Ray's ending--reportedly improvised with the actors on the set--throws his and Hughes' intentions into stark relief. Hughes paints a blistering indictment of the male gaze and ego, lost in a fog of self-delusion; Ray working with Bogart holds up a mirror. One is not necessarily inferior to another--Hughes persistent use of fog as a metaphor for Steele's interior state is both a necessary narrative strategy (if we knew Steele's thoughts with perfect clarity all the time the novel would have zero tension) and a superb prose realization of a major theme (women know the score, men are constantly fooling themselves); her powers of empathy are such one is compelled to wonder (how can she know so much about toxic masculinity?). I submit that Hughes' tour de force resonates in other works, from Patricia Highsmith's Ripley novels to Jim Thompson's The Killer Inside Me to Bret Easton Ellis' American Psycho, and its impact as a consequence has been muted by the many (occasionally skillful) imitations.

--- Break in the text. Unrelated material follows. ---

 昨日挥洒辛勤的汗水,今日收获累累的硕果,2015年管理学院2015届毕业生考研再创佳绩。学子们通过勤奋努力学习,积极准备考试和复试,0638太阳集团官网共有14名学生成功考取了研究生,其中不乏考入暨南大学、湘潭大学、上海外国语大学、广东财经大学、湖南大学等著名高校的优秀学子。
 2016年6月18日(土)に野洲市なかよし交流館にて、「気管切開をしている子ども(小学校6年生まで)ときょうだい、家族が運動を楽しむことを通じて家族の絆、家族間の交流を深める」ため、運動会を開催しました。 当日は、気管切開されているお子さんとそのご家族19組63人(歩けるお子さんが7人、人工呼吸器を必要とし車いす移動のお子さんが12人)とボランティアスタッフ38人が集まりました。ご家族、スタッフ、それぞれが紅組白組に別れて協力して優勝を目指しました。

Further submit that Ray's ending is not necessarily a dilution of but a radical twist on a genre trope, fashioned by Ray from the simplest materials. Steele sits outside Laurel Gray's room, waiting. He lights a cigarette and his hands start to shake; he looks up and his eyes are two great goblin lamps spouting fire. When Steele explodes it isn't in the stylized manner of a predator pouncing after prey but a domestic brawl, graceless and ugly and distressingly familiar to anyone--everyone--who has experienced a troubled relationship. 

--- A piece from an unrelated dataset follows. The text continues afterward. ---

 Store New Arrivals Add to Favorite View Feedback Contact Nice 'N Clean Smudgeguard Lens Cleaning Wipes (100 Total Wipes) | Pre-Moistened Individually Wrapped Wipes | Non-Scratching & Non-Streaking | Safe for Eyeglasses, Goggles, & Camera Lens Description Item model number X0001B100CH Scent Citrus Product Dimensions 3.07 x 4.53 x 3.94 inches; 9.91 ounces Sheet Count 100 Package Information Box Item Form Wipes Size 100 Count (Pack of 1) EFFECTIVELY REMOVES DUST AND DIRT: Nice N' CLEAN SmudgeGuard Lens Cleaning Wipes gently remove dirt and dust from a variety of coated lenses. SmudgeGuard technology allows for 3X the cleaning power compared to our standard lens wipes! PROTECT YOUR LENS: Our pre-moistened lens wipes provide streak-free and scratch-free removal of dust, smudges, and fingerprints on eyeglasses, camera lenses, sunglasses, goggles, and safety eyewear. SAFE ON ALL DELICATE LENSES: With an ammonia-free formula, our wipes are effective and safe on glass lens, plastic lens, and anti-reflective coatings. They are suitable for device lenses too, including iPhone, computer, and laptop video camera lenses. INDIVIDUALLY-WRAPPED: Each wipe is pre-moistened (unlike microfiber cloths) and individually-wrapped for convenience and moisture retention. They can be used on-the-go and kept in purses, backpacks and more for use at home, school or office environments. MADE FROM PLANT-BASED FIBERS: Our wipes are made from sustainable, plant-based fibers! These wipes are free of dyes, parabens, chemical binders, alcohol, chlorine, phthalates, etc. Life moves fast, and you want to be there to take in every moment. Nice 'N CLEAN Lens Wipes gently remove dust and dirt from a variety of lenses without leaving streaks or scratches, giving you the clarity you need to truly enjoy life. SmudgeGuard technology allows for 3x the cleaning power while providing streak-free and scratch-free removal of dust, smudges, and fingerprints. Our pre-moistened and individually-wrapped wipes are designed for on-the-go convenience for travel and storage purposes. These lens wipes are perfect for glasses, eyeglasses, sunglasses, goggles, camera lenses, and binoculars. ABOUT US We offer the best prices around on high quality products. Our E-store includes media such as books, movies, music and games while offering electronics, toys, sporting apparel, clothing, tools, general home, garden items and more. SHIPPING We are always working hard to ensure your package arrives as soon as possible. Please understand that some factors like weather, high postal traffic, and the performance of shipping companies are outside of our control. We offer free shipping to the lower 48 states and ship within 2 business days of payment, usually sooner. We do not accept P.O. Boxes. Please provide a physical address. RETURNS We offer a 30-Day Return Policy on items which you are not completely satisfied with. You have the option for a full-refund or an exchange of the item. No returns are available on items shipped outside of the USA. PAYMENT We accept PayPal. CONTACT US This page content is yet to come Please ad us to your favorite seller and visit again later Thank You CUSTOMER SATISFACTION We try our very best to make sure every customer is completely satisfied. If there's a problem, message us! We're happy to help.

Being guilty might actually feel better for Steele--he admits "I'm a serial killer!" and everyone throws up their hands to respond "that explains everything!" As things stand Steele can't blame abnormal sexual urges or phases of the moon or early childhood trauma; he can't be arrested, can't escape, can't be executed for being what he is (which technically speaking isn't a crime). Steele--like Bogart within him or Ray behind him--is all out of excuses; he has no one left to confront but himself.